[fecho os olhos e caminhamos outra vez, lado a lado, à beira mar. está frio e entra mais areia nas minhas botas a cada passo dado, mas eu não me importo porque estás comigo.
no céu, pintado de um cinzento carregado como promessa de chuva, desenha-se um arco-íris a enfeitar aquela que será sempre a minha cidade; na tua companhia, parece-me ainda mais bonita. pensas tirar uma foto mas atrapalhas-te todo com o telemóvel; desistes. vou guardar esta imagem na memória, anuncias. espero que ainda a tenhas.
pelo canto do olho, observo cada um dos teus movimentos: sinto-me pequenina ao pé de ti e isso nada tem a ver com o facto de seres estupidamente mais alto. a forma desajeitada como caminhas sobre a areia faz-me sorrir - a tua confiança condimentada com uma dose de timidez torna-te absolutamente irresistível. soube-o nesse dia.
quando o céu cumpre com o prometido e as comportas se abrem, corremos para nos abrigar, sem abrigo possível. acabamos os dois, sentados, num banco de madeira com o vento a fustigar-nos nas costas: vês-me a tremer e aproveitas para me abraçar. é a primeira vez que o fazes e sabe-me tão bem que eu tolero o frio, a enregelar cada átomo do meu corpo, só para ficar mais um bocadinho no teu abraço quente. não te quero largar mais.
depois disso, sinto os teus lábios gelados pousados na minha testa. demoramos um tempo absurdo a percorrer o caminho de volta porque páras para me abraçar e para distribuir mais beijinhos entre a minha testa e as bochechas. sinto-me importante, depois de tanto tempo - e, com a cidade desenhada no horizonte a servir de plano de fundo, parece-me que nada poderia correr mal. és demasiado especial para que eu te deixe ir.

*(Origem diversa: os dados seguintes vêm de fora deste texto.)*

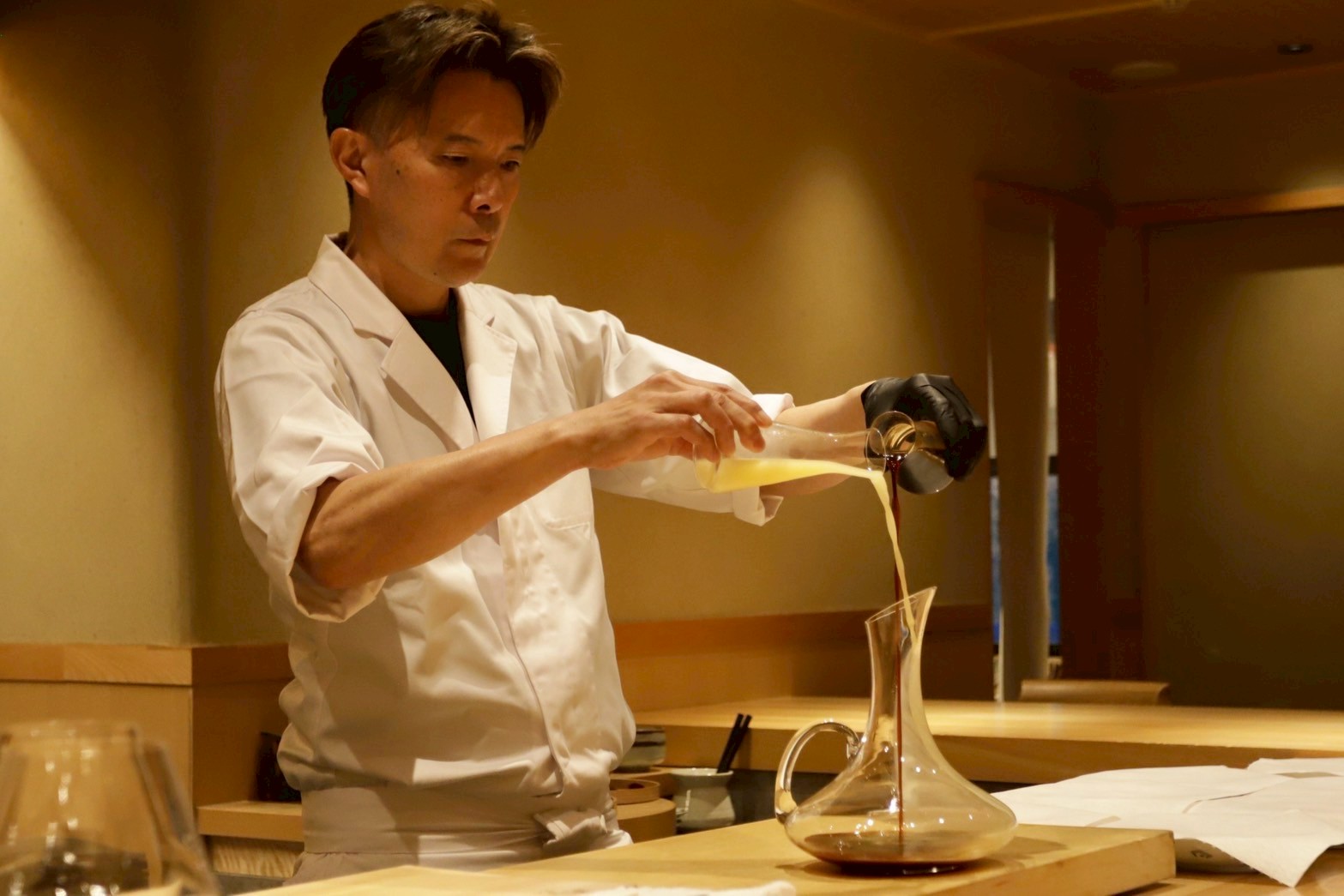 まずは、目の前で柚子の果汁を使い、丁寧にポン酢を合わせるパフォーマンスからスタート。この「合わせポン酢」が非常に香りが良く、食欲を刺激します。

abro os olhos - é isto que acontece no fim: penso no início. penso em todas as sensações boas, que agora me vejo obrigada a arquivar, porque a minha tendência é destruir sempre tudo. penso em quanto eu gostava que me fosse possível voltar a moldar esta história e torná-la viável. dar-lhe um final feliz. mas um dia acordei e percebi que gostava demais, outra vez: pudesse eu recomeçar. pudesse eu voltar a este dia e fazer-nos possíveis.
pudesse eu, por uma vez, ser a escolhida da felicidade que parece estar sempre a esquecer-se de mim.]